Z tego artykułu się dowiesz:
- Dlaczego Pekin domaga się otwarcia zamkniętych przejść na granicy z Białorusią?
- Jakie są ekonomiczne skutki zamknięcia granic dla przewozów towarowych między Chinami a UE?
- Jakie stanowisko w tej sprawie przedstawia chińskie Ministerstwo Spraw Zagranicznych?
- Jak zamknięcie granic wpływa na polskich przewoźników i lokalny rynek transportowy?
Z powodu rosyjsko-białoruskich manewrów Zapad, prowadzonych tuż nad granicą z Polską, od piątku zamknięte są przejścia na Białoruś: dla samochodów osobowych Terespol-Brześć, dla ciężarowych Kukuryki-Kozłowiczy oraz trzy kolejowe dla ruchu towarowego: Kuźnica Białostocka-Grodno, Siemianówka-Swisłocz, Terespol-Brześć.

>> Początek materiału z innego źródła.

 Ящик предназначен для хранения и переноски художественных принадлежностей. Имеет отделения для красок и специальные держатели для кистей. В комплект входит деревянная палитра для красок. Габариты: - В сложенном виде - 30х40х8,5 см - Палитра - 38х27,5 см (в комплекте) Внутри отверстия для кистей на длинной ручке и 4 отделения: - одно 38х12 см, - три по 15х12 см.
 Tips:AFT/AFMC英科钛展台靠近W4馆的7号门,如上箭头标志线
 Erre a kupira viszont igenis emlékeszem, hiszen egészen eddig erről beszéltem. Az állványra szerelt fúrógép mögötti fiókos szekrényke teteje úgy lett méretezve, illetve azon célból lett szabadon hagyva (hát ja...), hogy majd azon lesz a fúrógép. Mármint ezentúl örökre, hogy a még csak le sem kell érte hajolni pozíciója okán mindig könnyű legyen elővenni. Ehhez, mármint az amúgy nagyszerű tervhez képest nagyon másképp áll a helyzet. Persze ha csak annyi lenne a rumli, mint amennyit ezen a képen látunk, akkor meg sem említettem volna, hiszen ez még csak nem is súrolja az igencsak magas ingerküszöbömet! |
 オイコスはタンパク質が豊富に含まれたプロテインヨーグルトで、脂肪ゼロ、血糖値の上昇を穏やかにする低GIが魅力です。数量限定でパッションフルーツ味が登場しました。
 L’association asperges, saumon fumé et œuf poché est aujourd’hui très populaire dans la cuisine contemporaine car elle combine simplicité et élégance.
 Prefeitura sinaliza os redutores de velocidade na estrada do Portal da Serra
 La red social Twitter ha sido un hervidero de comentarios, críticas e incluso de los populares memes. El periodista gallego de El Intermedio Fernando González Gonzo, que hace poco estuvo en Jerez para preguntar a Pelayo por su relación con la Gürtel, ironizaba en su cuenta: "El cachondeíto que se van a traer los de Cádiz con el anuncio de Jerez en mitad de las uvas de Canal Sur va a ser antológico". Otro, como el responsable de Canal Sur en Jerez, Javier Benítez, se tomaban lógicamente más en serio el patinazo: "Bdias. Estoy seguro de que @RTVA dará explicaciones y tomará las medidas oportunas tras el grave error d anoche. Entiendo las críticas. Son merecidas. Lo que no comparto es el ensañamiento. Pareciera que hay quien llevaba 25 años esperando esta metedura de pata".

Po środowym nalocie rosyjskich dronów na Polskę rząd ogłosił, że zakaz obowiązuje do odwołania. – Ruch wznowimy, gdy będziemy pewni, że bezpieczeństwo Polaków jest zagwarantowane, że nie grożą nam żadne prowokacje – wyjaśnia minister spraw wewnętrznych i administracji Marcin Kierwiński.
Blokować czy nie granicę z Białorusią?
Zamknięcie przejść granicznych, w tym kolejowych, ma skłonić Rosję i Białoruś do deeskalacji. Ale ma skutki uboczne – wstrzymało tranzytowy ruch pociągów z Chin, które utrzymują z Moskwą i Mińskiem przyjacielskie relacje. Na razie Pekin usiłuje naciskać na Polskę.
Czytaj więcej
Władze Białorusi zniosły ograniczenia na import z krajów UE wielu produktów rolnych, w tym najważ...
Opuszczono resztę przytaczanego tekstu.